Berkowitz cast Giannulli as a “good man” who made mistakes.
“He regrets deeply bringing his wife into the scheme. His children have been bullied both on social media and in person in a way disproportionate to other children in this scheme,” Berkowitz said. “His family has been the face of the scandal and the crisis.”
In handing down the sentence, Judge Gorton said the crime caused “no specific, calculable loss to USC.” However, the judge said there was “certainly a loss to the overall education system of this country.”
They were among 50 suspects charged in the investigation dubbed Varsity Blues, which found wealthy parents who cheated college applications and entrance exams to get their children into elite schools. In some cases, parents bribed coaches who falsified students' athletics histories, including an instance where a real athlete's photo was manipulated to look like one of the students, prosecutors said.
In pleading guilty, Loughlin and Giannulli dropped previous assertions that they believed their payments were legitimate donations.
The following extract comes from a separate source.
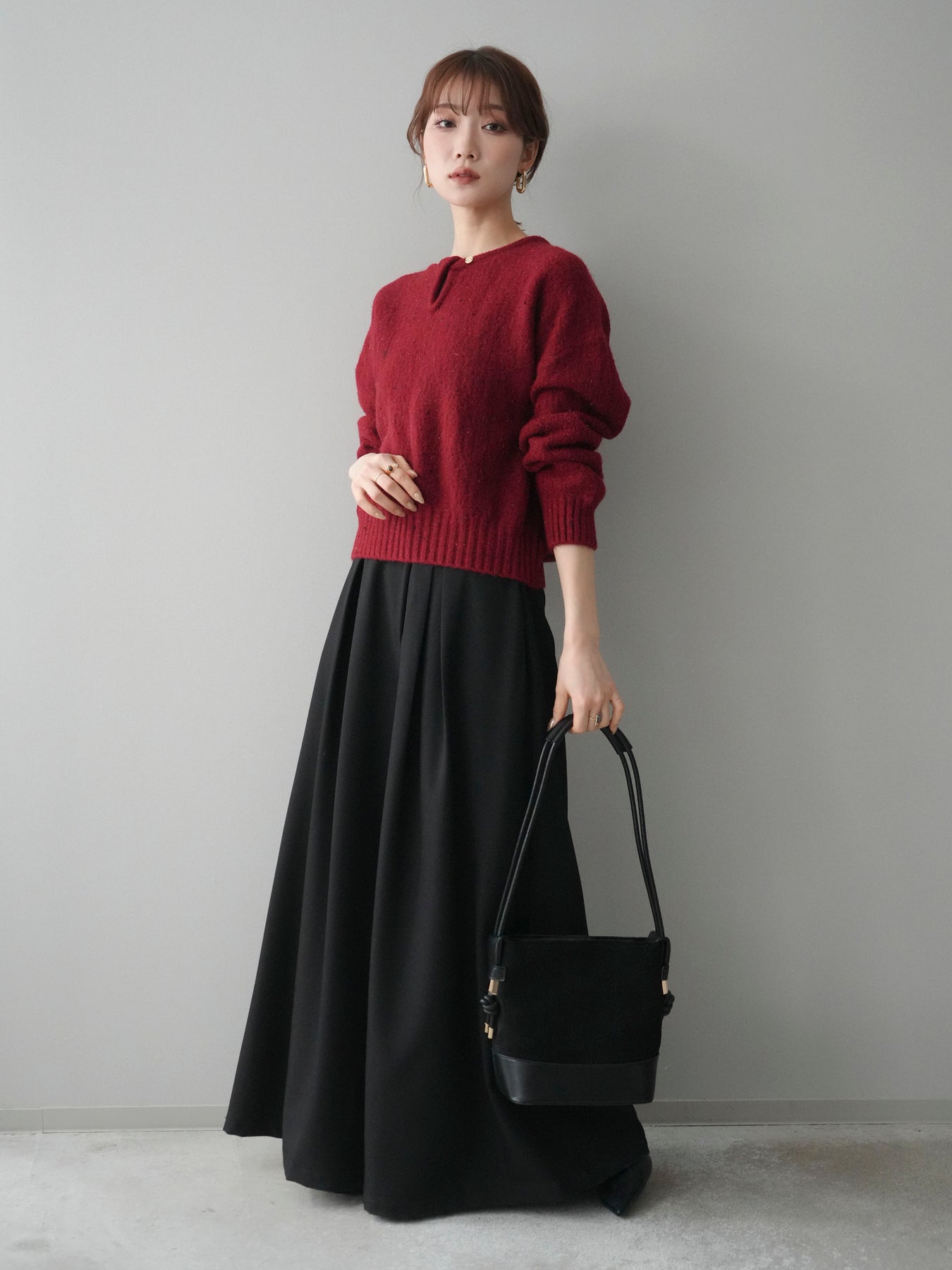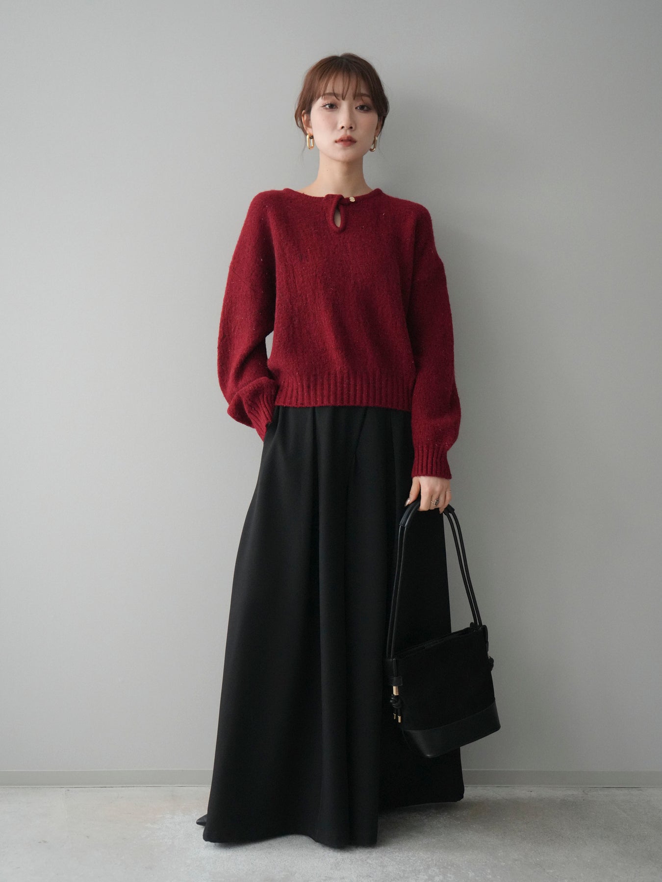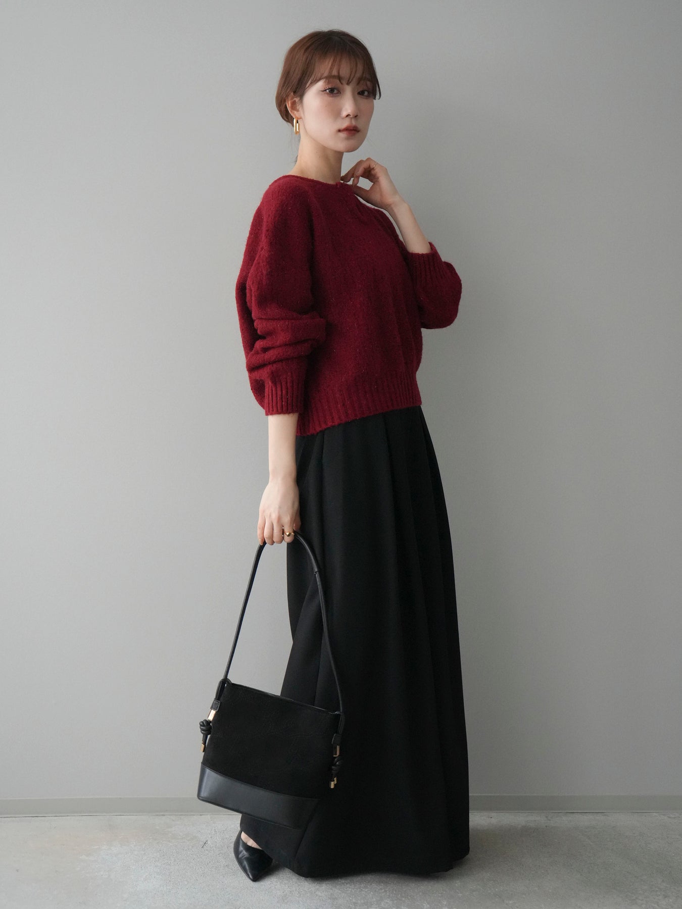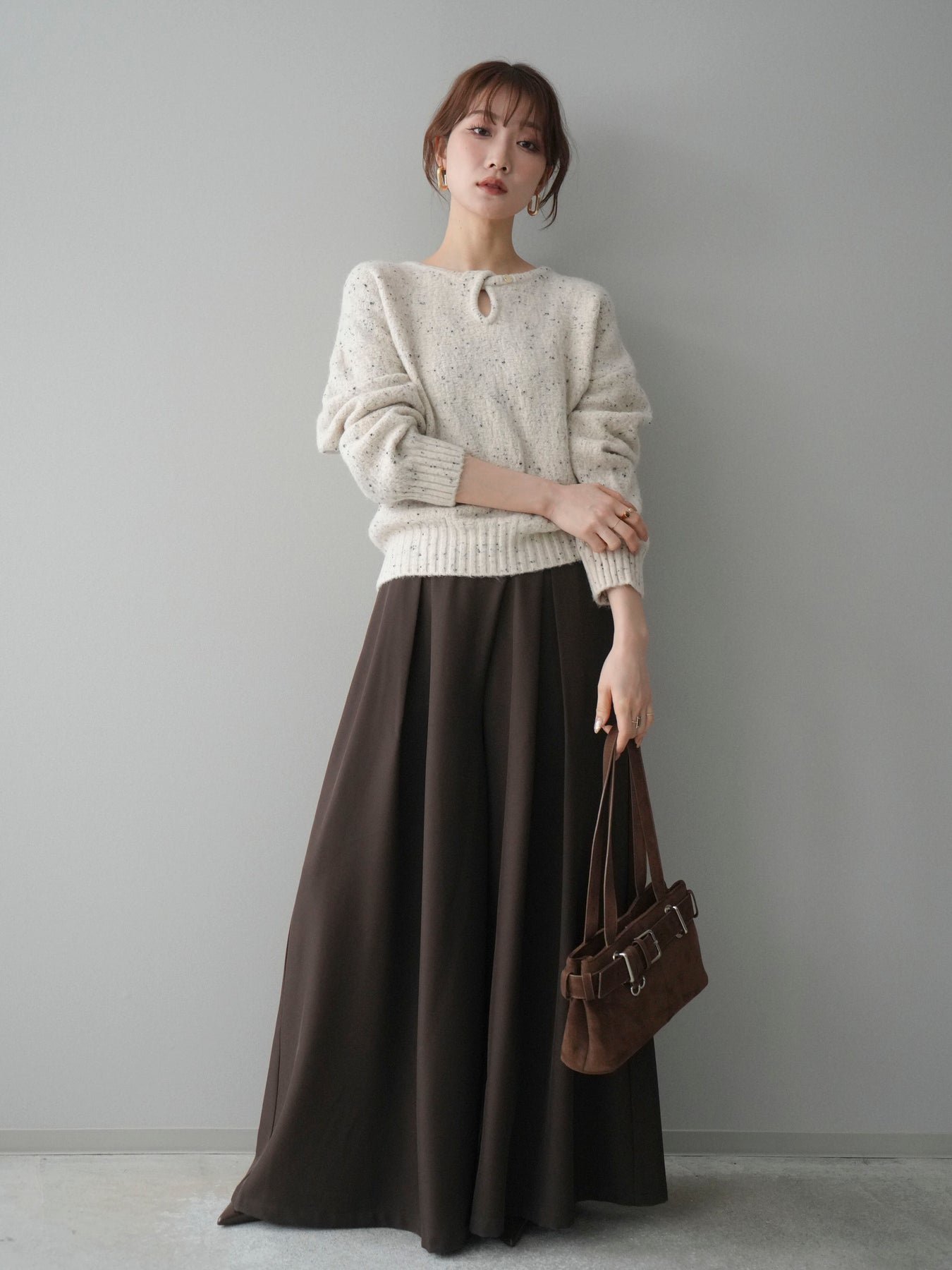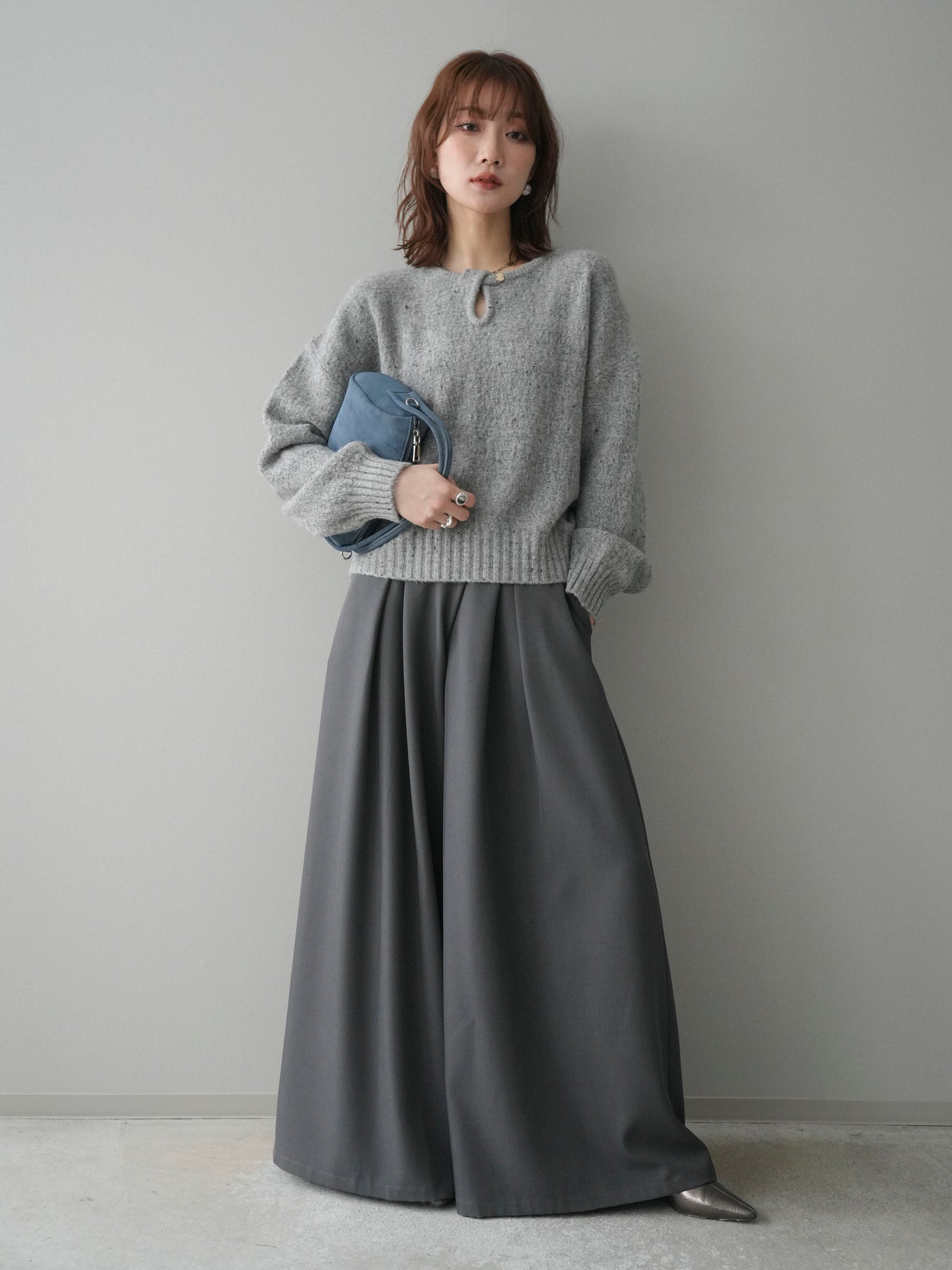 [SET]ツイストネックラメネップヤーンニットプルオーバー+テープベルトタックバギーパンツ(2set)

The couple maintained their innocence for more than a year, repeatedly pleading not guilty as prosecutors added charges, including conspiracy to commit fraud, bribery and money laundering. They first faced a federal judge in April 2019, when Loughlin was seen smiling, signing autographs and greeting fans.
The couple was slated to go to trial in October for their charges. Had the case gone to trial in the fall, as planned, prosecutors said they would have used recorded telephone calls, documents, emails and witness testimony to prove the couple's guilt.